One last question: do you know some good resources I can use as an inspiration?
Thank you so much..
-
We deleted thousands of pages every few months.
Before deleting anything we identified valuable pages that continued to receive traffic from other websites or from search. These were often updated and kept on the site. Everything else was 301 redirected to the "news homepage" of the site. This was not a news site, it was a very active news section on an industry portal site.
You have set 410 for those pages and remove all internal links to them and google was ok with that?
Our goal was to avoid internal links to pages that were going to be deleted. Our internal "story recommendation" widgets would stop showing links to pages after a certain length of time. Our periodic purges were done after that length of time.
We never used hard coded links in stories to pages that were subject to being abandoned. Instead we simply linked to category pages where something relevant would always be found.
Develop a strategy for internal linking that will reduce site maintenance and focus all internal links to pages that are permanently maintained.
-
Yaikes! Will you guys still pay for it if it's removed? If so, then combining below comments with my thoughts - I'd delete it, since it's old and not time relevant.
-
Yeah, paying ... we actually pay for this content (earlier management decisions :-))
-
EGOL your insights are very appreciated :-)!
I agree with you. Makes total sense.
So you didn't experience any problems removing outdated content (or "content with no traffic value") from your website? You have set 410 for those pages and remove all internal links to them and google was ok with that?
Redirecting useless content - you mean set 301 to the most relevant page that is bringing traffic?
Thank you sir
-
But I still miss the point of paying for the content that is not accessible from SE
- "paying"?
Is my understanding right, that if I would set canonical for these duplicates, Google has no reason to show this pages in the SERP?
- correct
-
HI Dimitrii,
thank you very much for your opinion. The idea of canonical links is very interesting. We may try that in the "first" phase. But I still miss the point of paying for the content that is not accessible from SE.

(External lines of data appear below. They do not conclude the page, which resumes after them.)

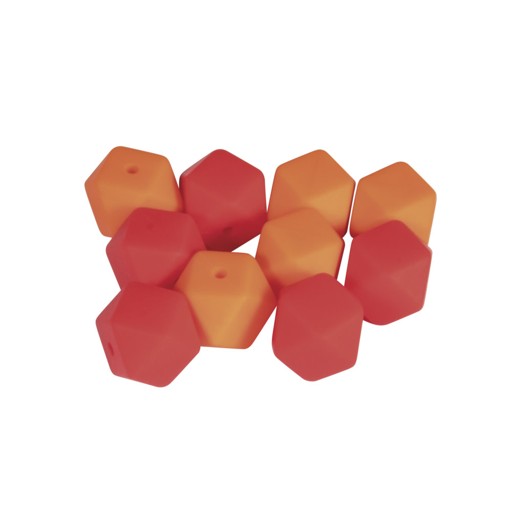 Siliconekralen hexagon rood-oranje 14mm 10st.
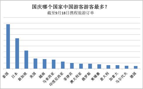 “今年8天长假,携程旅游客户将到达全球近100个国家,每天都将有几千个携程旅游团在各大洲?!毙瘫ǜ嬖ぜ乒熘星锛倨诔鼍秤喂婺=?00万人次。从截至18日的跟团游、自由行订单统计看,国庆游客中,有50%选择的是出境游产品。我国游客最青睐的前十个国家是:泰国、日本、新加坡、美国、越南、马来西亚、印度尼西亚、菲律宾、澳大利亚、俄罗斯。东南亚将成为中国超级黄金周的最大赢家,中国赴韩国旅游降幅最大,预计同比降下降七成左右,国庆赴韩旅游团全面中断。
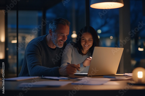 Happy couple working together on a laptop at night, discussing ideas and brainstorming in a cozy home office
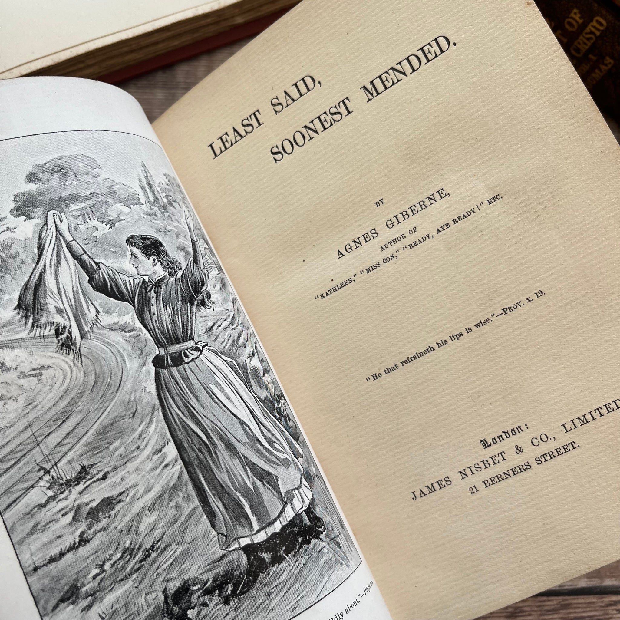 This beautiful edition of Least Said Soonest Mended by Agnes Giberne was published James Nisbet & Co Limited. This particular edition isn't dated but I've seen different books in this same binding, and they date from the Edwardian period (1902-1910).

Is my understanding right, that if I would set canonical for these duplicates, Google has no reason to show this pages in the SERP?
-
Just seeing the other responses. Agree with what EGOL mentions. A content audit would be even better to see if there was any value at all on those pages (GA traffic, links, etc). Odds are though that there was not any and you already killed all of it with the noindex tag in place.
-
Couple of things here.
-
If a second Panda update has not occurred since the changes that were made then you may not get credit for the noindexed content. I don't think this is "cheating" as with the noindex, it just told Google to take 350K of its pages out of the index. The noindex is one of the best ways to get your content out of Google's index.
-
If you have not spent time improving the non-syndicated content then you are missing the more important part and that is to improve the quality of the content that you have.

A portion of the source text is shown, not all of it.